Imagine Twitter without links
Anecdotal observation: Twitter users rely heavily on links. That’s why this Almight Link blog has had so many posts about social media.
Imagine Twitter without hyperlinks.
- “A plane just landed in the Hudson.” I snapped a shot of passengers on the wing. Unfortunately, I can’t share it with the world. I’m sure newspapers will be happy with the pictures the wires will shoot in a few minutes.
- “I agree with what Pogue said about Google Voice. What do you think?” I hope it doesn’t take you too long to find that August column. That would really kill this conversation.
- “I know a good auto shop that can help. No site, but I’ll email a link to the map.” I appreciate one-line emails. Don’t you?
- “Orange County #followfriday: @jonlan @MelAclaro and @RochelleVeturis” To follow: select one username and hit ctrl-C. Then go to your browser’s address bar, type “http://twitter.com/” and hit ctrl-P. Rinse. Repeat. Remember, this fictional Twitter can’t just add links to @mentions.
- “You have to check out that one Lego Star Wars video. You can watch it on YouTube.” Okay, now you go to YouTube and search. Wait a minute. That must be a mistake. There can’t really be that many Vader videos starring toy bricks.
- “@ksablan that is just plain wrong.” I’m confused. My last few tweets were just thank yous. It would be great if there was a link to the tweet to which you are responding.
- “Does Scoble, Brogan and Vaynerchuk just tweet all day?” No, but how would you know that? Even profiles lack links in this hypothetical Twitter. Don’t get me wrong, those three agent of trust would crush it with their naked conversations, even without Twitter links.
- “Use TinyURL to shorten that long link.” Sorry, you won’t be able to track it to see if anyone clicked. Gosh, I wish there were other shorteners out there. Oh well.
Update (12/31/09): I’ve created a linked edition of the examples in this post.

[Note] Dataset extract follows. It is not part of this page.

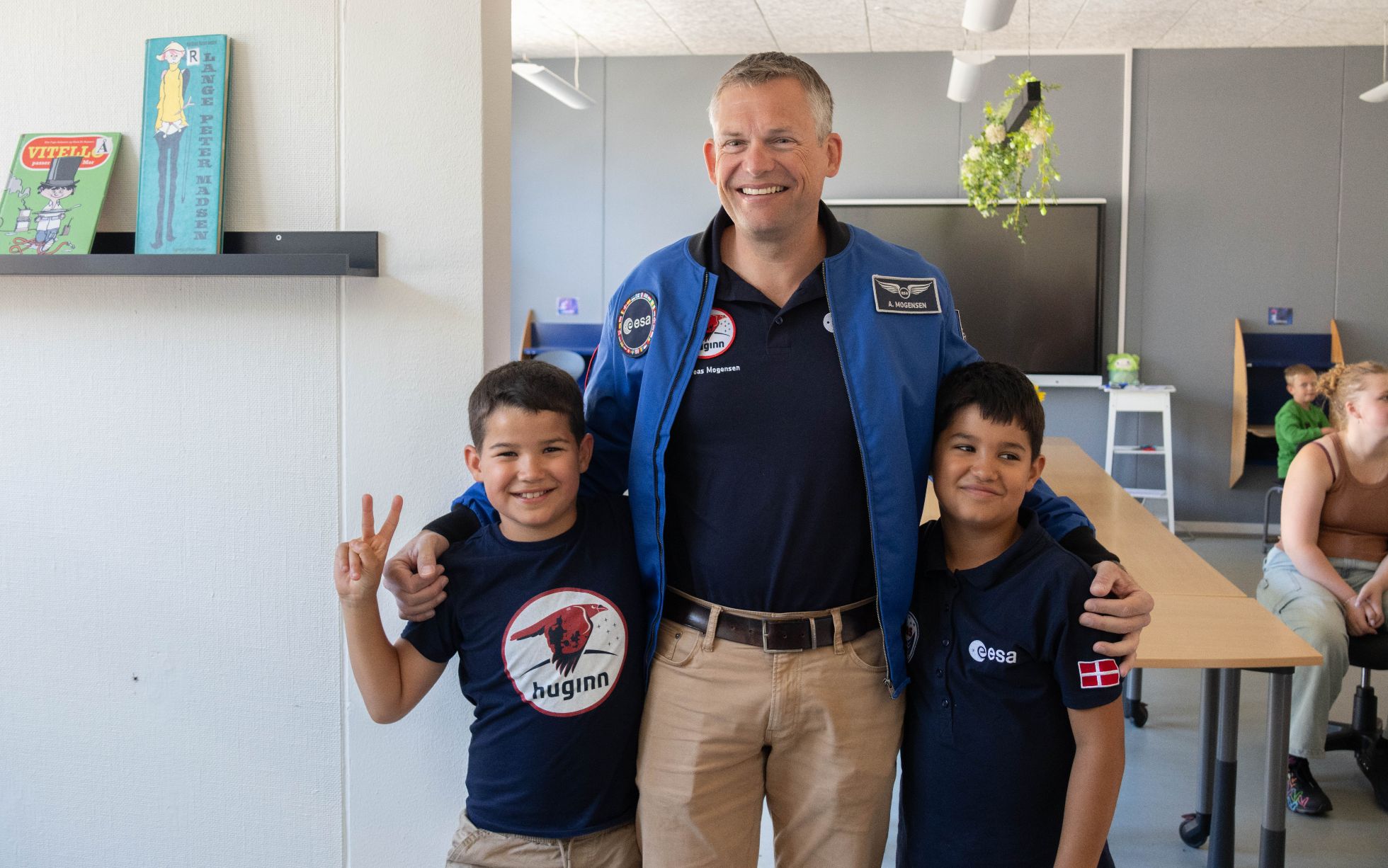 Efter spørgerunden og et velfortjent stående bifald til ‘Stjernemanden’, fik børnene klassevis adgang til en autografrunde med Andreas Mogensen. På jordnær og tålmodig vis fik alle børnene hans opmærksomhed, en autograf og et klistermærke. Med det samme logo, som han havde på sin ESA-jakke.

December 30th, 2009 at 10:37 pm
I think this is what the anti-Twitter/newspaper/Old Media crowd think Twitter actually is. Twitter would be ridiculous and a complete waste of time without links. Non-users don't seem to get that it's not about talking about your lunch; it's about sharing and directing people to information. It's a taxi to where you actually want to go, that's all.